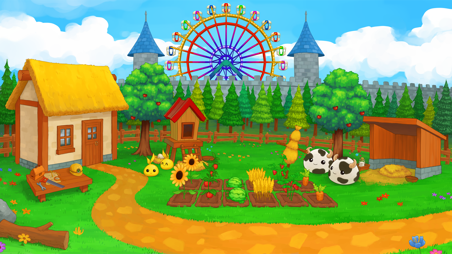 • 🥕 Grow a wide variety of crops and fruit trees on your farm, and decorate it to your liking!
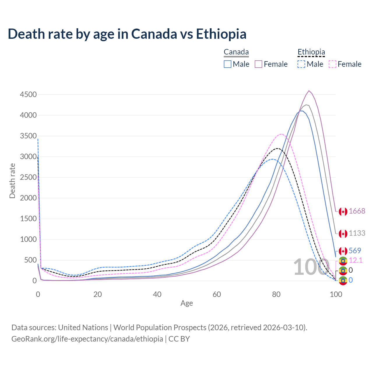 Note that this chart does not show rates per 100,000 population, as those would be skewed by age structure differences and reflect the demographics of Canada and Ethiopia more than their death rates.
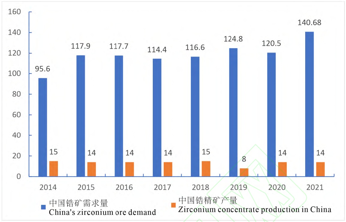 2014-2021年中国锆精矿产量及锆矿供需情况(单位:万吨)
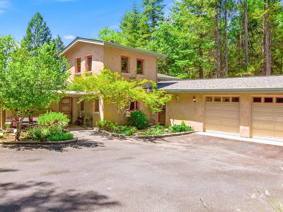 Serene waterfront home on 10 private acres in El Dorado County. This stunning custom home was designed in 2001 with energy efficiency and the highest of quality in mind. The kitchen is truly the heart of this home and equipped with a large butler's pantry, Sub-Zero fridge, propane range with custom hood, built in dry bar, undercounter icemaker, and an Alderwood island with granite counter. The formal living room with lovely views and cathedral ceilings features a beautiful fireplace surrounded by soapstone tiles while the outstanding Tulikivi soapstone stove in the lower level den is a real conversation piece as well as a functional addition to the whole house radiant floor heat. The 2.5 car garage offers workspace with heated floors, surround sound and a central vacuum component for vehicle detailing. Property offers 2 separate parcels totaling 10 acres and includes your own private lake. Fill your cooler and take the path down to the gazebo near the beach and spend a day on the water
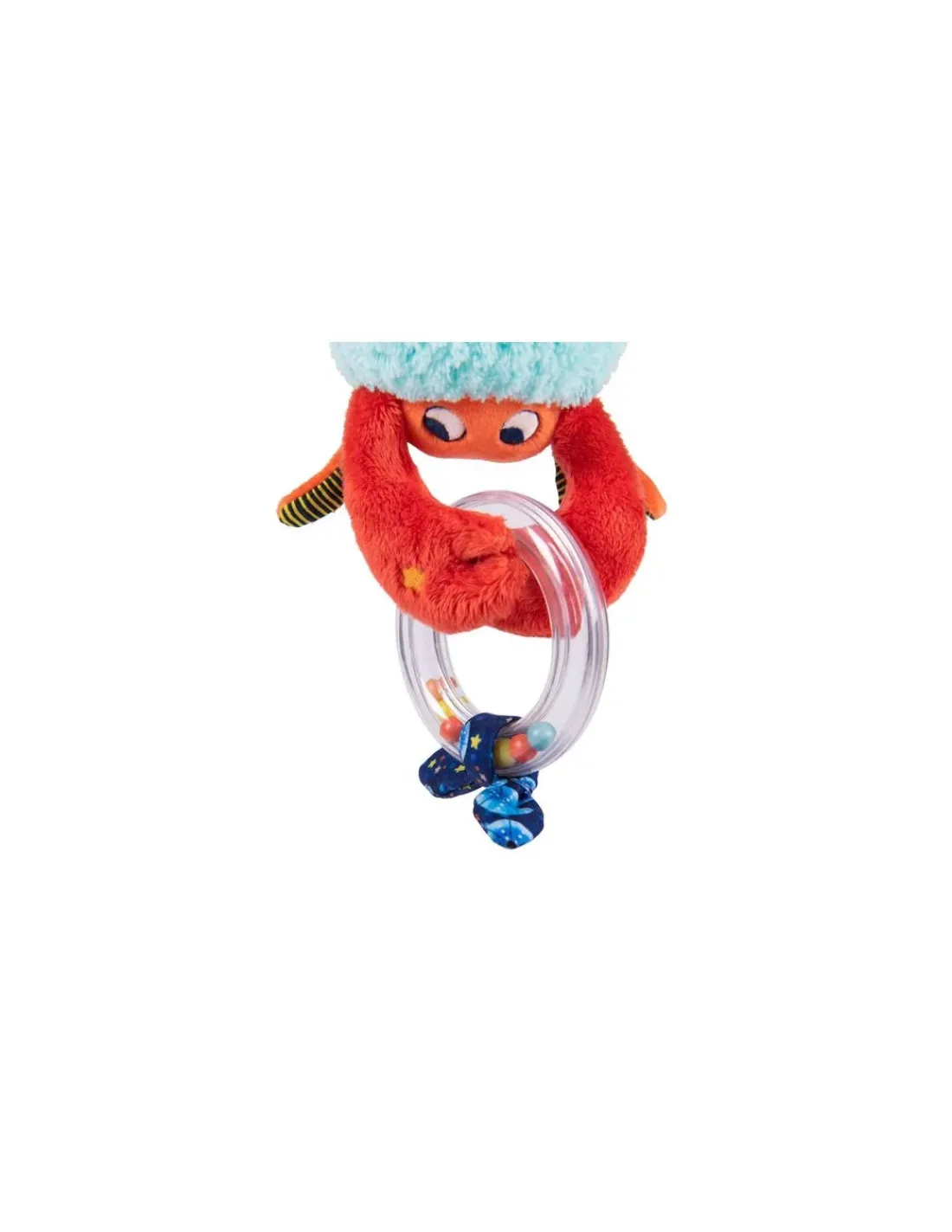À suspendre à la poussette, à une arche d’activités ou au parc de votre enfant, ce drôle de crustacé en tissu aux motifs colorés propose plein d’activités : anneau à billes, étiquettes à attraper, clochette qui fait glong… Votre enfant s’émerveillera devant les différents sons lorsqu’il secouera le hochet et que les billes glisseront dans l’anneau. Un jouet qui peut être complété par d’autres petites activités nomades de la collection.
^^^^^^^^^^^^^^^^
» What the task requires
Exactly the lines from the line with "2014-2021年中国锆精矿产量及锆矿供需情况(单位:万吨)" through the last line of the listing, both included, should be extracted, and the pictures left behind.

» Answer for this exercise
 2014-2021年中国锆精矿产量及锆矿供需情况(单位:万吨)
 Serene waterfront home on 10 private acres in El Dorado County. This stunning custom home was designed in 2001 with energy efficiency and the highest of quality in mind. The kitchen is truly the heart of this home and equipped with a large butler's pantry, Sub-Zero fridge, propane range with custom hood, built in dry bar, undercounter icemaker, and an Alderwood island with granite counter. The formal living room with lovely views and cathedral ceilings features a beautiful fireplace surrounded by soapstone tiles while the outstanding Tulikivi soapstone stove in the lower level den is a real conversation piece as well as a functional addition to the whole house radiant floor heat. The 2.5 car garage offers workspace with heated floors, surround sound and a central vacuum component for vehicle detailing. Property offers 2 separate parcels totaling 10 acres and includes your own private lake. Fill your cooler and take the path down to the gazebo near the beach and spend a day on the water
À suspendre à la poussette, à une arche d’activités ou au parc de votre enfant, ce drôle de crustacé en tissu aux motifs colorés propose plein d’activités : anneau à billes, étiquettes à attraper, clochette qui fait glong… Votre enfant s’émerveillera devant les différents sons lorsqu’il secouera le hochet et que les billes glisseront dans l’anneau. Un jouet qui peut être complété par d’autres petites activités nomades de la collection.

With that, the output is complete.